## Exercise instructions:
Return each record verbatim, images excluded.

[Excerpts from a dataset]
# # # # # # #

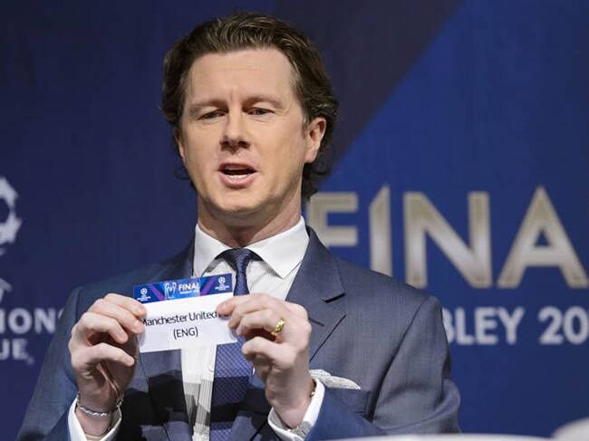 El embajador de la final de la Liga Campeones y exfutbolista Steve McManaman muestra la papeleta con el nombre del Manchester United durante el sorteo de los octavos de final de la Liga de Campeones celebrado en la sede de la UEFA en Nyon, Suiza, este jue
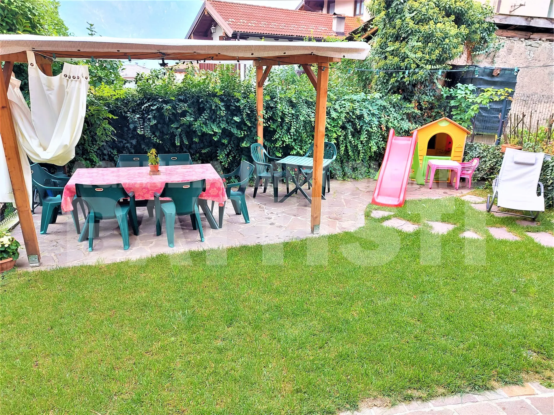 PIANO TERRA: atrio di ingresso, zona giorno con cucina completa con accesso al giardino, particolarmente riservato ed accogliente, stanza matrimoniale con bagno privato + locale tecnico uso lavanderia e centrale termica.
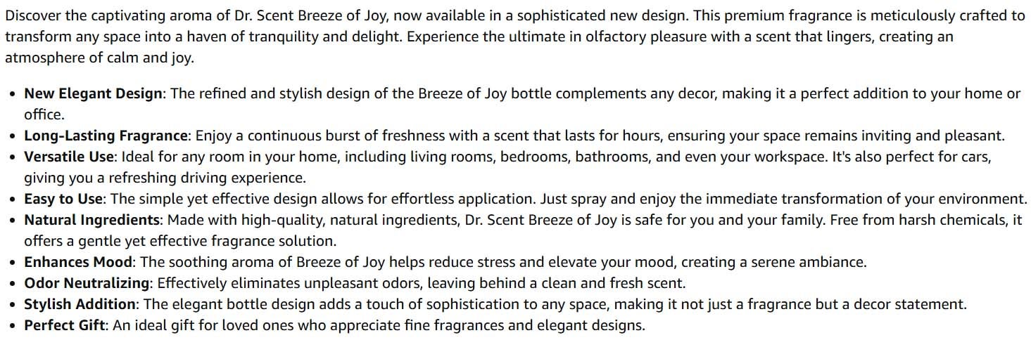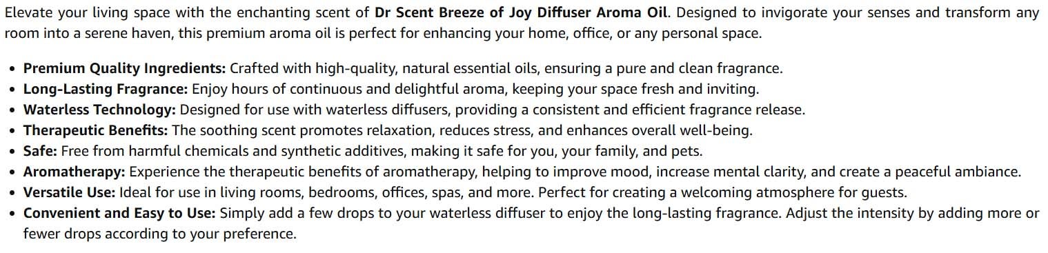 Dr Scent Breeze of Joy Diffuser Aroma Address features a luxurious blend of velvet cedar, refreshing citrus, and rich cedarwood, creating a sophisticated and long-lasting fragrance. Crafted in the UK with high-quality ingredients, this diffuser is perfect for enhancing the ambiance of homes, offices, shops, hotel rooms, and small lobbies. The 170ml diffuser delivers continuous fragrance, promoting relaxation, rejuvenation, and mental clarity while complementing any decor with its elegant design.
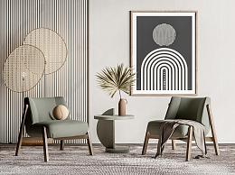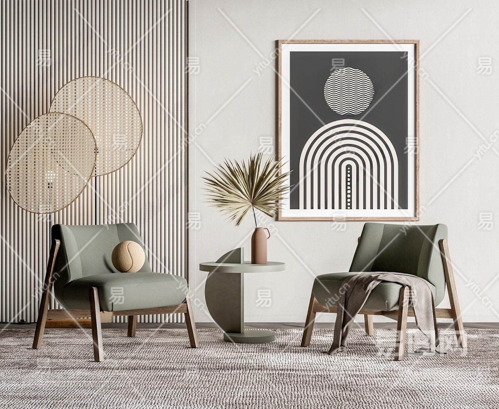 侘寂休闲椅角几组合 藤编落地灯 装饰画 花艺摆件
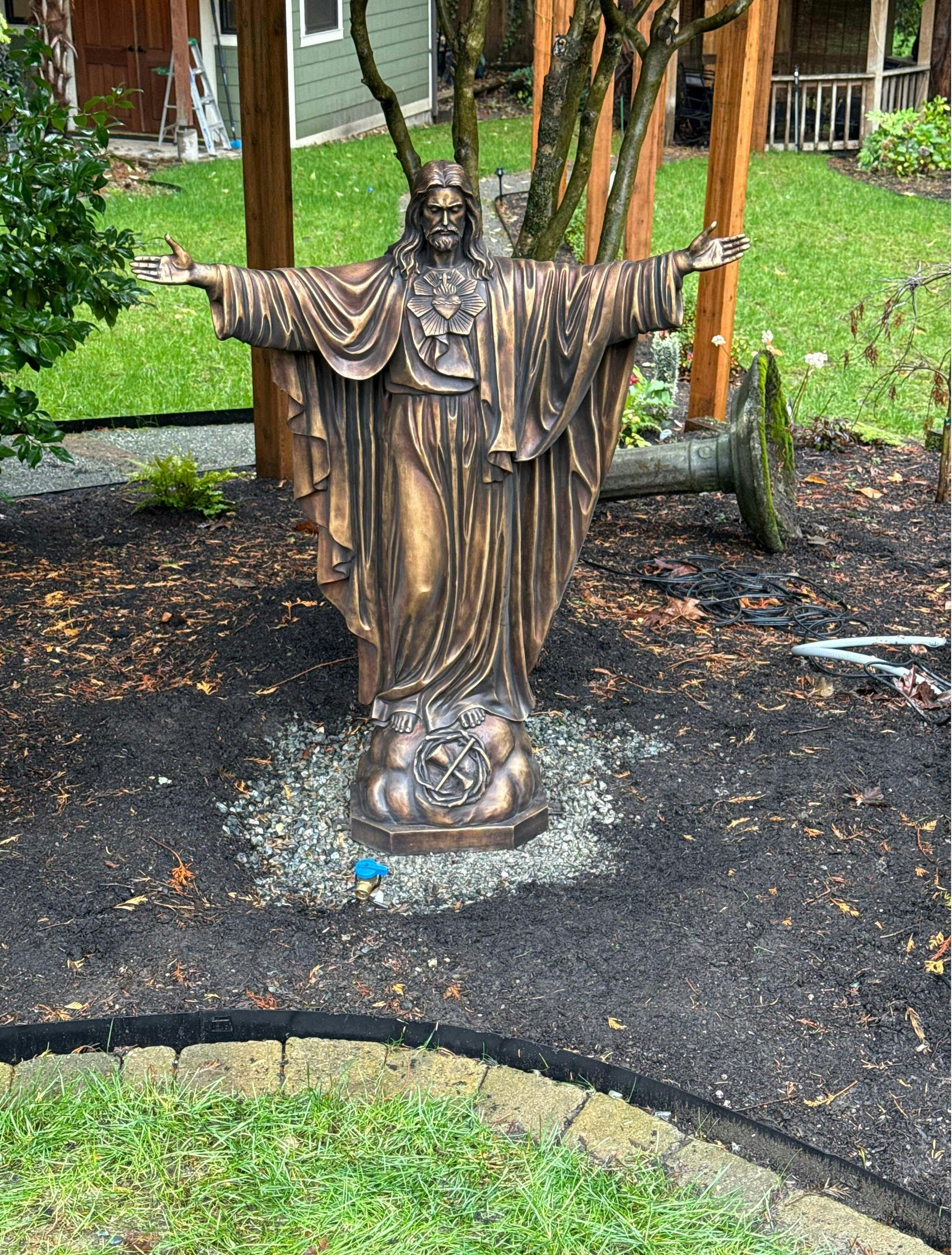 Attached are 2 photos. I still have to finish the landscaping and lighting around the statue. Of course as you can see in the background, I am currently also doing construction to my house.
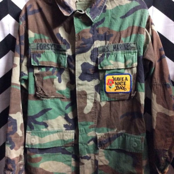 CAMO JACKET W/ US MARINES & HAVE A NICE DAY PATCHES
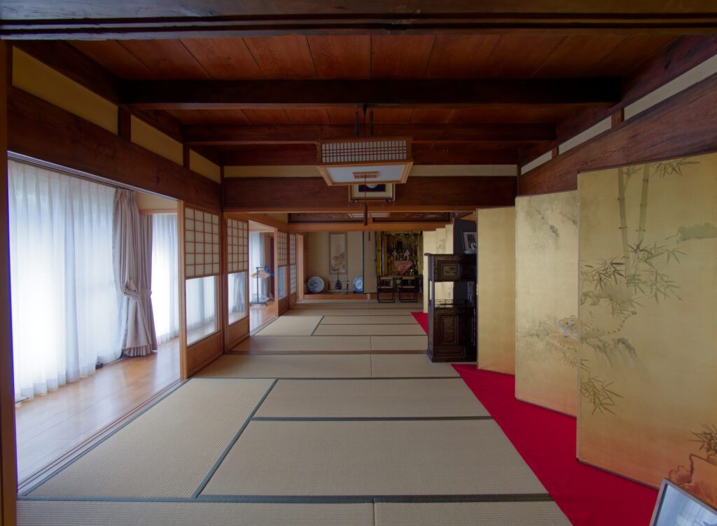 特別な時以外は、各部屋をふすまで仕切って8畳の部屋として使います。使い方は家々によって違いますが、今でいう居間や応接間・趣味の部屋として使われていたようです。
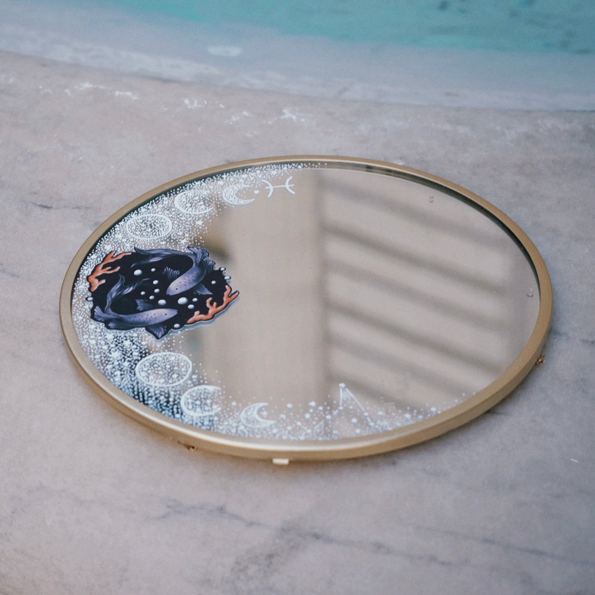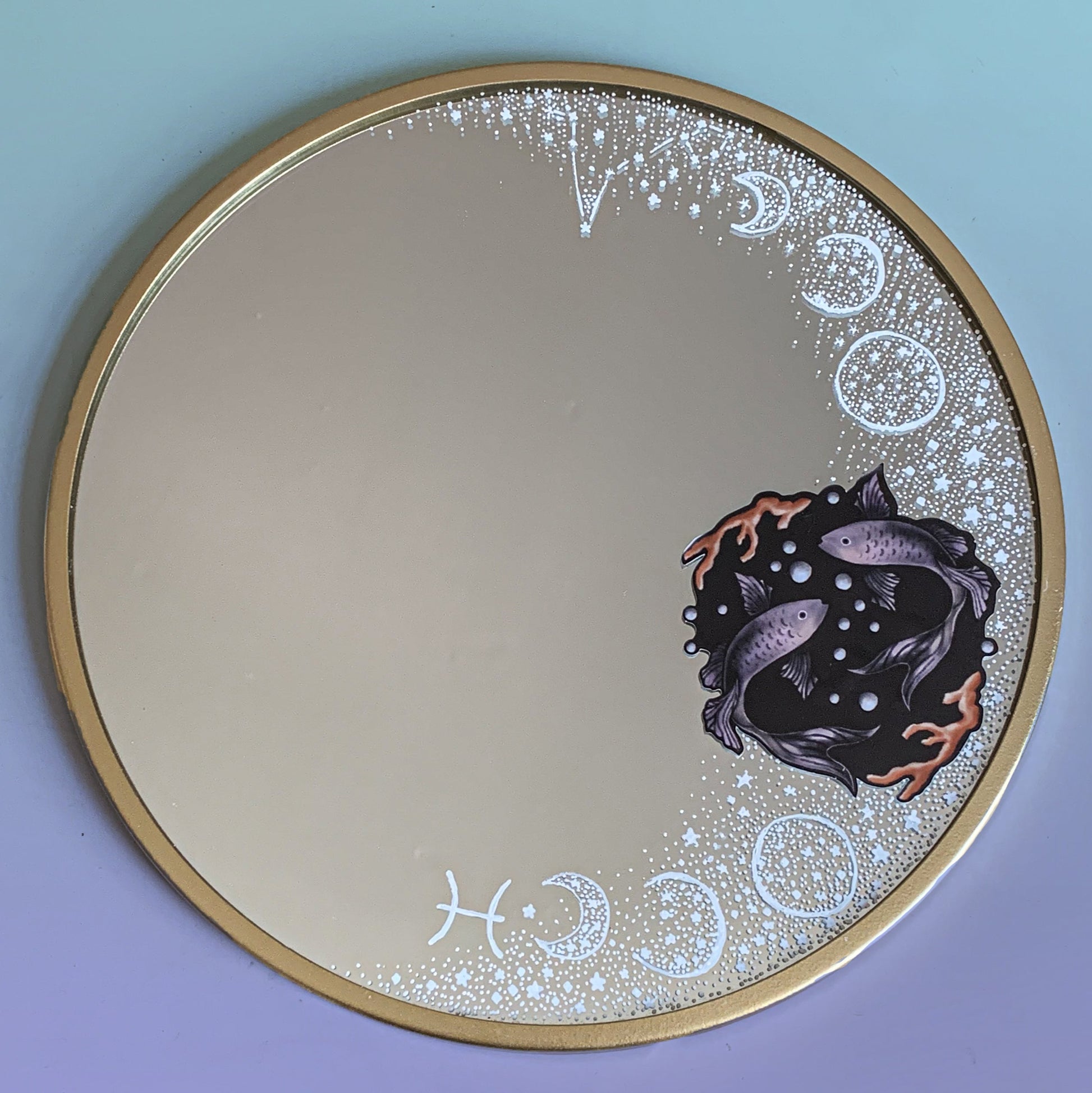 • a dreamy astrological mirror that measures 10" x 10," featuring a digitally printed zodiac illustration + hand painted constellation artwork

# # # # # # #

## Solution for this problem:
 El embajador de la final de la Liga Campeones y exfutbolista Steve McManaman muestra la papeleta con el nombre del Manchester United durante el sorteo de los octavos de final de la Liga de Campeones celebrado en la sede de la UEFA en Nyon, Suiza, este jue
 PIANO TERRA: atrio di ingresso, zona giorno con cucina completa con accesso al giardino, particolarmente riservato ed accogliente, stanza matrimoniale con bagno privato + locale tecnico uso lavanderia e centrale termica.
 Dr Scent Breeze of Joy Diffuser Aroma Address features a luxurious blend of velvet cedar, refreshing citrus, and rich cedarwood, creating a sophisticated and long-lasting fragrance. Crafted in the UK with high-quality ingredients, this diffuser is perfect for enhancing the ambiance of homes, offices, shops, hotel rooms, and small lobbies. The 170ml diffuser delivers continuous fragrance, promoting relaxation, rejuvenation, and mental clarity while complementing any decor with its elegant design.
 侘寂休闲椅角几组合 藤编落地灯 装饰画 花艺摆件
 Attached are 2 photos. I still have to finish the landscaping and lighting around the statue. Of course as you can see in the background, I am currently also doing construction to my house.
 CAMO JACKET W/ US MARINES & HAVE A NICE DAY PATCHES
 特別な時以外は、各部屋をふすまで仕切って8畳の部屋として使います。使い方は家々によって違いますが、今でいう居間や応接間・趣味の部屋として使われていたようです。
 • a dreamy astrological mirror that measures 10" x 10," featuring a digitally printed zodiac illustration + hand painted constellation artwork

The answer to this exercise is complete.